Like Revolution, Crisis and Believe were also underperformers, though they both got the short end of the stick. Both were midseason replacement dramas, with Believe hitting the schedule in March and Crisis following shortly thereafter. Midseason premieres don’t always doom new shows, but it’s a much tougher timeslot for numerous reasons. The first is that it shows the network doesn’t have as much faith in the series and the second is that viewership across all networks is typically down during the spring. So, while it’s possible for shows to be hits in the spring, it certainly isn’t easy.

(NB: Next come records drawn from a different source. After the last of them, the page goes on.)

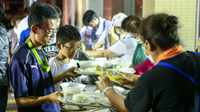 范女士與同伴找各種便利店買吃的,但基本上都不開門,要不就是被搶購一空,街頭有機(jī)構(gòu)發(fā)放免費(fèi)食物。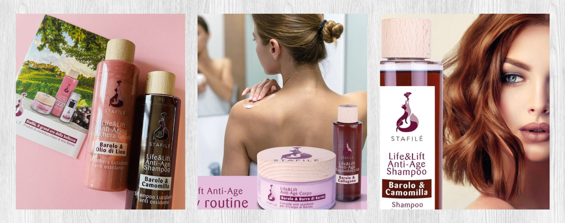 Le formulazioni Stafilé sono un concentrato puro di vino Barolo ar-ricchito di altri potenti principi attivi anti-age. Una fusione eccellente da cui “germoglia” la linea Stafilé Li-fe&Lift, ideata per pelli mature ed esigenti capace di proteggere la barriera epidermica idratando in profondità.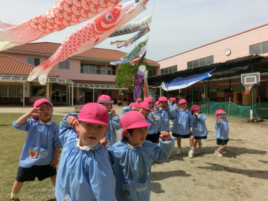 園庭には、たくさんのこいのぼりたちが元気いっぱい泳いでいます。そのこいのぼりたちを見たり触ったりしながら、「きれいだね」「大きいね」などと、楽しそうに話をする子どもたちの姿も見られました。子どもたちの作ったこいのぼりも園庭のこいのぼりのように元気に泳ぎだしそうです。間近で大きなこいのぼりに触れるという経験は、とても貴重なことだと思います。子どもたちもこいのぼりのように元気に成長してほしいです。
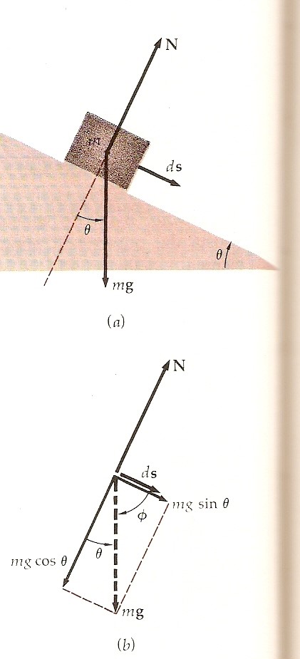 Le forze che agiscono sulla particella sono il peso mg e la forza di contatto N esercitata dal piano, la quale è perpendicolare al piano poiché questo è liscio. Queste forze sono indicate nella figura. La forza normale N, essendo perpendicolare al moto, non esegue lavoro. L’unica forza che esegue lavoro è il peso mg, che ha la componente mg sin θ nella direzione del moto. (Si rilevi che l’angolo φ fra il peso e la direzione del moto è il complemento dell’angolo di inclinazione θ. Perciò l’elemento di lavoro eseguito dal peso è dL = mg cos φ ds = mg sin θ ds). Poiché il peso è costante, il lavoro eseguito sulla distanza s è semplicemente mg sin θ s. È il lavoro totale eseguito da tutte le forze, e perciò è uguale alla variazione dell’energia cinetica, che è semplicemente ½mv2 perché la particella parte dalla quiete. Perciò il teorema dell’energia cinetica dà: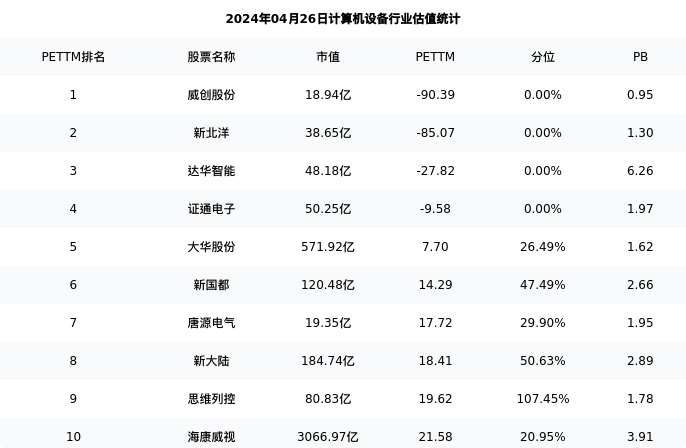 雄帝科技最新报告期数据为一季度,下表汇总了计算机设备行业内市值靠前的公司一季度主要经营数据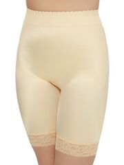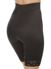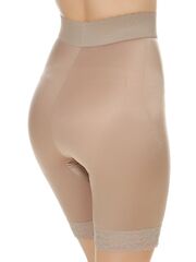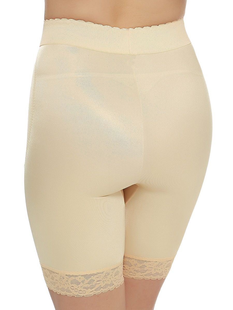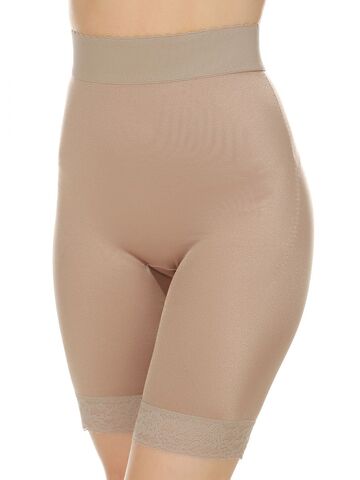 Утягивающие панталоны с завышенной талией средней степени коррекции из шелковистого материала. Дополнительная невидимая вставка на фронтальной панели усиливает корректирующий эффект области живота. Широкая лента подчеркивает талию. Нижний край выполнен из кружева с силиконовой лентой, что позволяет изделию плотно зафиксироваться на бедрах и не вызывать дискомфорта при ходьбе. Ластовица – 100% хлопок.

Deadline got the initial scoop on the cancelations, noting that another problem that Believe and Crisis faced was a challenging timeslot. The two shows currently air on Sunday nights, where they face serious competition from HBO’s Game of Thrones, Veep and Silicon Valley, as well as interesting network programming that includes CBS’ The Amazing Race and The Mentalist and ABC’s Resurrection and Revenge. Plus, cable has Mad Men and more. It’s challenging to carve out a niche on Sunday nights, and NBC’s lineup didn’t really stand much of a chance.
Even when cancelations aren’t surprising, they are still hurtful for the numerous viewers who have stuck around for the tenure of a show. So, to those viewers, we would like to say sorry for your loss and hope for a more fruitful 2014- 2015 season.